Recapping, a fully-fledged data platform needs to enable three things:
Ingesting data: getting data into the platform (in the right format, from the right sources)
Storing data: securely, reliably, and durably.
Querying data: understanding and extracting insights from the data, and/or transforming it for use by other tools.
When we launched R2 we tackled the second part, but knew that we’d need to follow up with the first and third parts in order to make it easier for developers to get data in and make use of it.

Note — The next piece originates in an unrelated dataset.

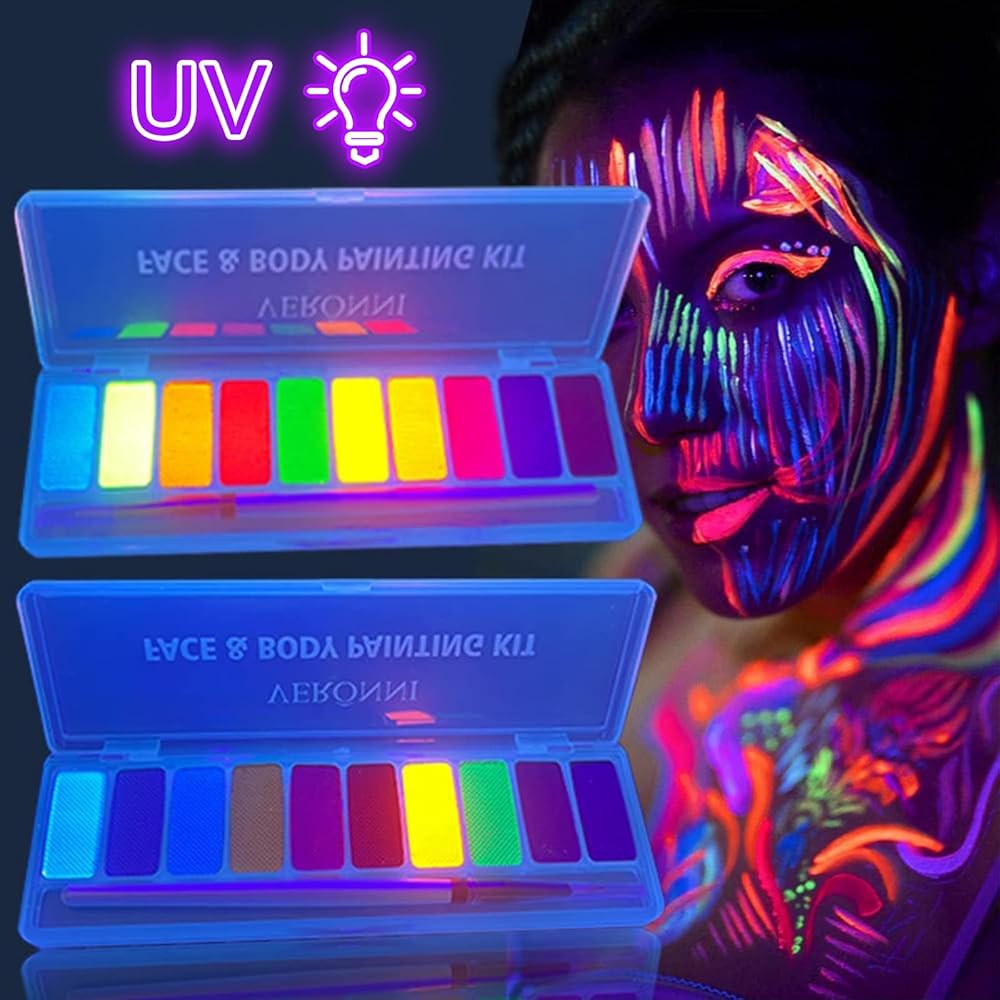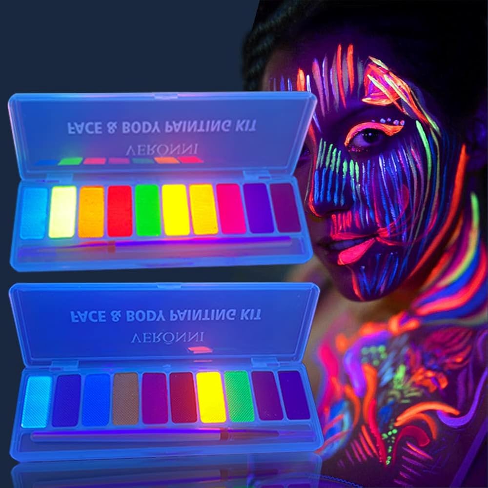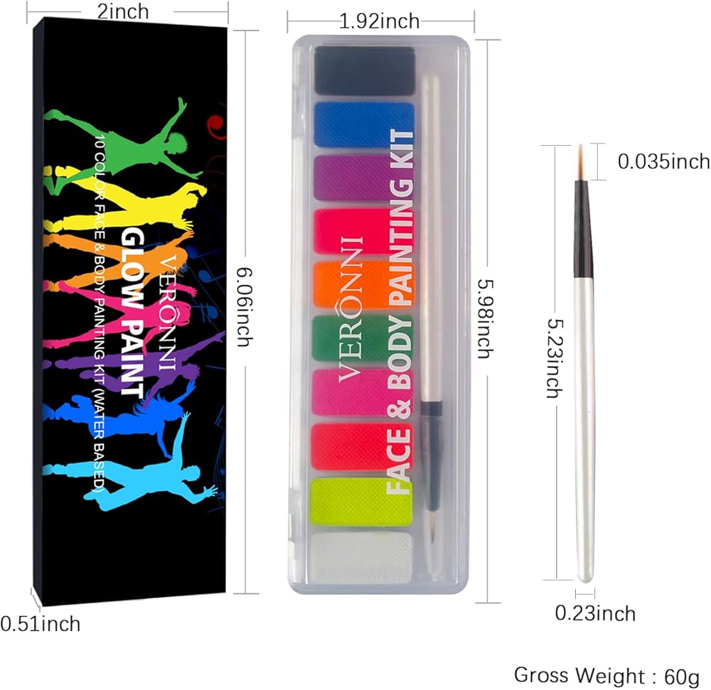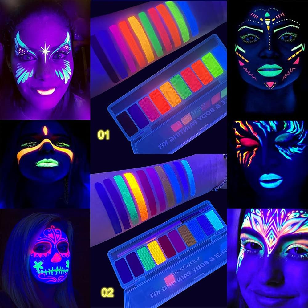 【طلاء وجه متوهج بالأشعة فوق البنفسجية 】- يجب استخدام لوحة طلاء الوجه المتوهجة في الظلام مع ضوء الأشعة فوق البنفسجية، الذي يتوهج بشكل مشرق تحت ضوء الأشعة فوق البنفسجية، وسوف يجعل الألوان تتوهج في الظلام.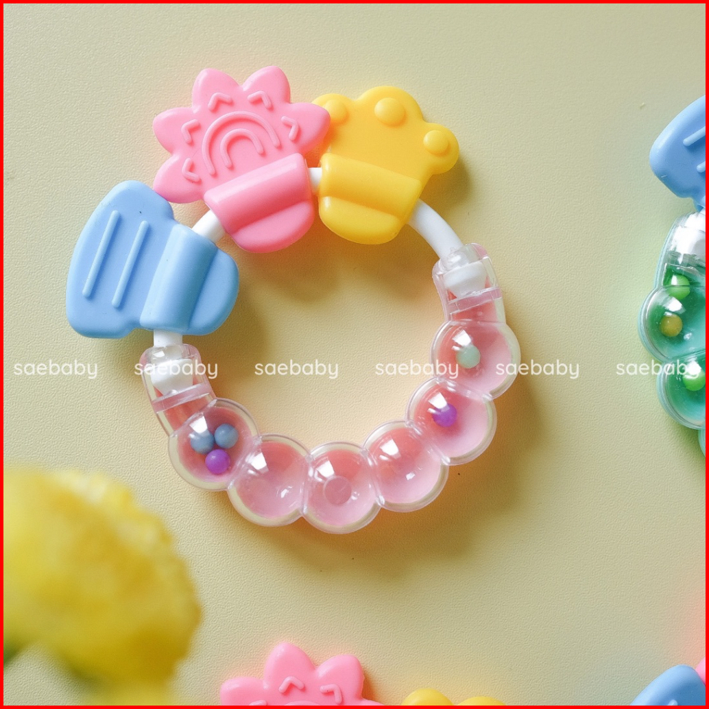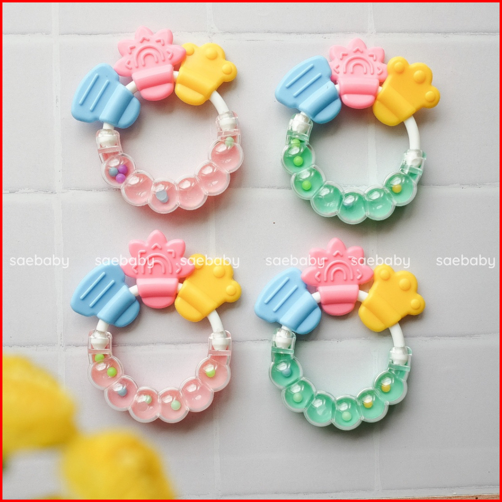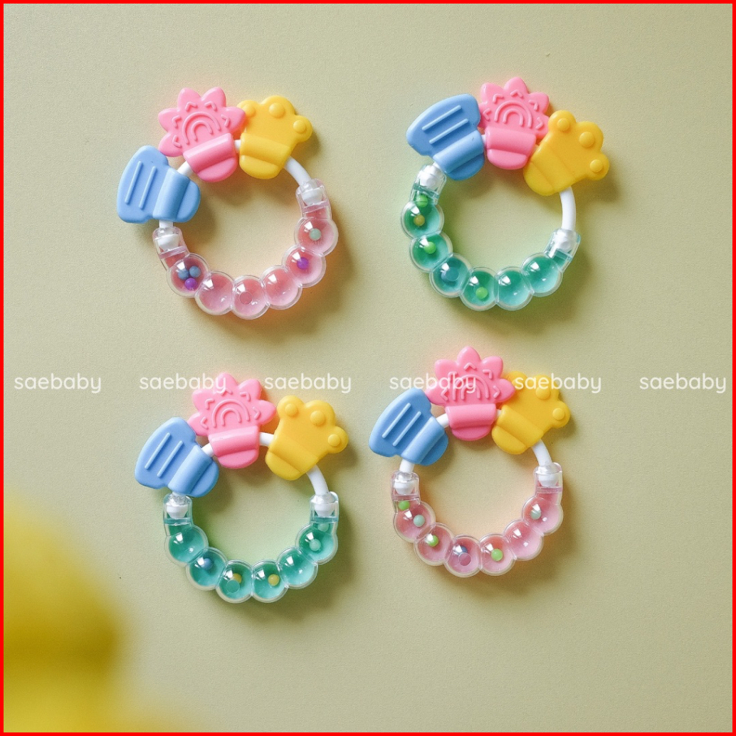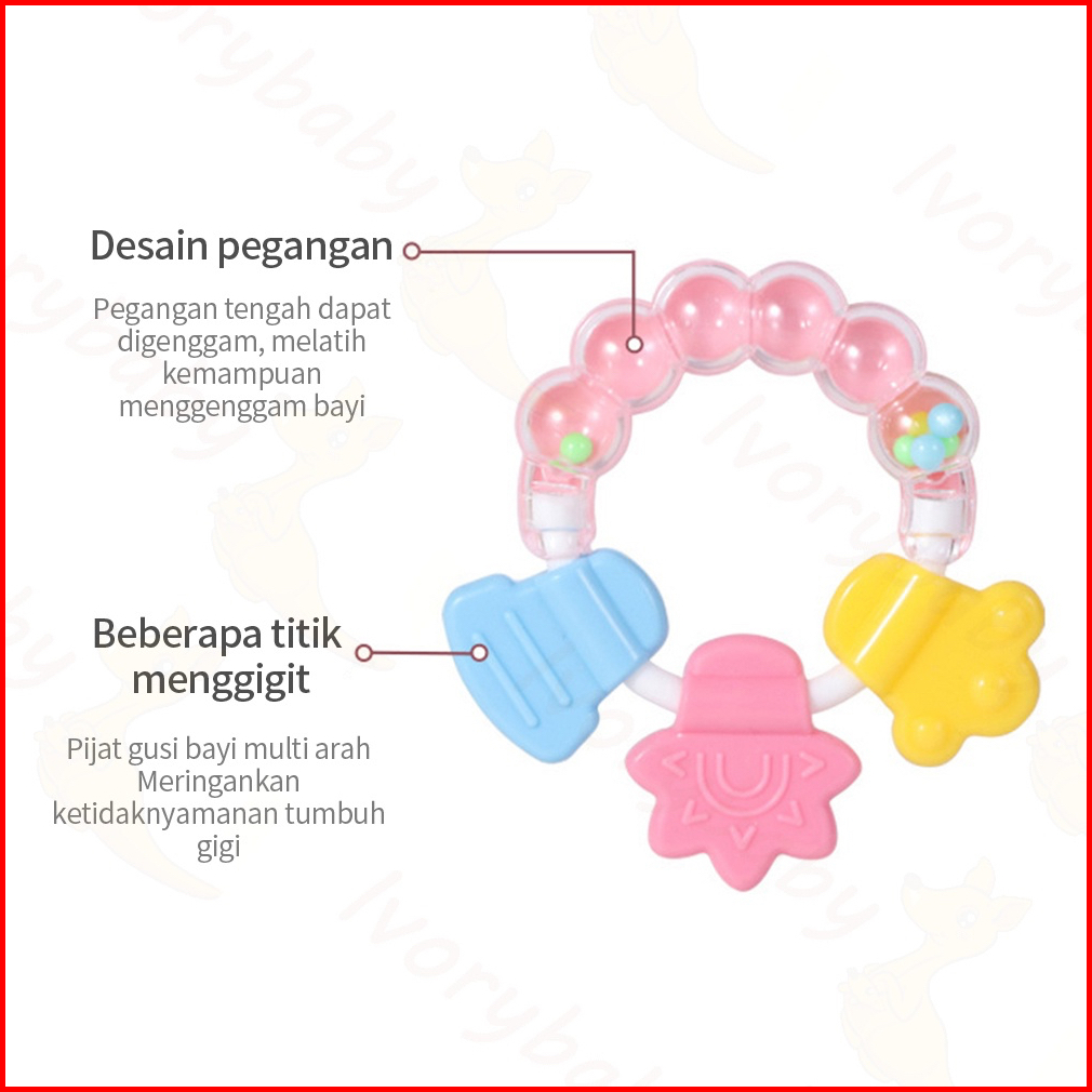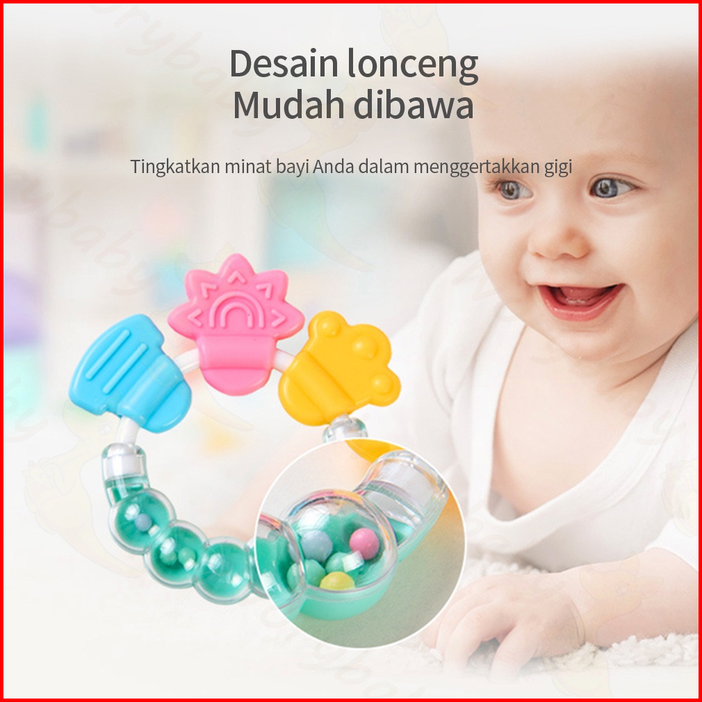 Gigitan Bayi Silikon Kerincingan Bulat Teether Rattle Bayi

If we look at how we can build a system that helps us solve each of these three parts together with Pipelines, Event Notifications, R2, and Workflows, we end up with an architecture that resembles this:
Specifically, we have Pipelines (1) scaling out to ingest data, batch it, filter it, and then durably store it in R2 (2) in a format that’s ready and optimized for querying. Workflows, ClickHouse, Databricks, or the query engine of your choice can then query (3) that data as soon as it’s ready — with “ready” being automatically triggered by an Event Notification as soon as the data is ingested and written to R2.
There’s no need to poll, no need to batch after the fact, no need to have your query engine slow down on data that wasn’t pre-aggregated or filtered, and no need to manage and scale infrastructure in order to keep up with load or data jurisdiction requirements. Create a Pipeline, write your data directly to R2, and query directly from it.
If you’re also looking at this and wondering about the costs of moving this data around, then we’re holding to one important principle: zero egress fees across all of our data products. Just as we set the stage for this with our R2 object storage, we intend to apply this to every data product we’re building, Pipelines included.
Start Building
We’ve shared a lot of what we’re building so that developers have an opportunity to provide feedback (including via our Developer Discord), share use-cases, and think about how to build their next application on Cloudflare.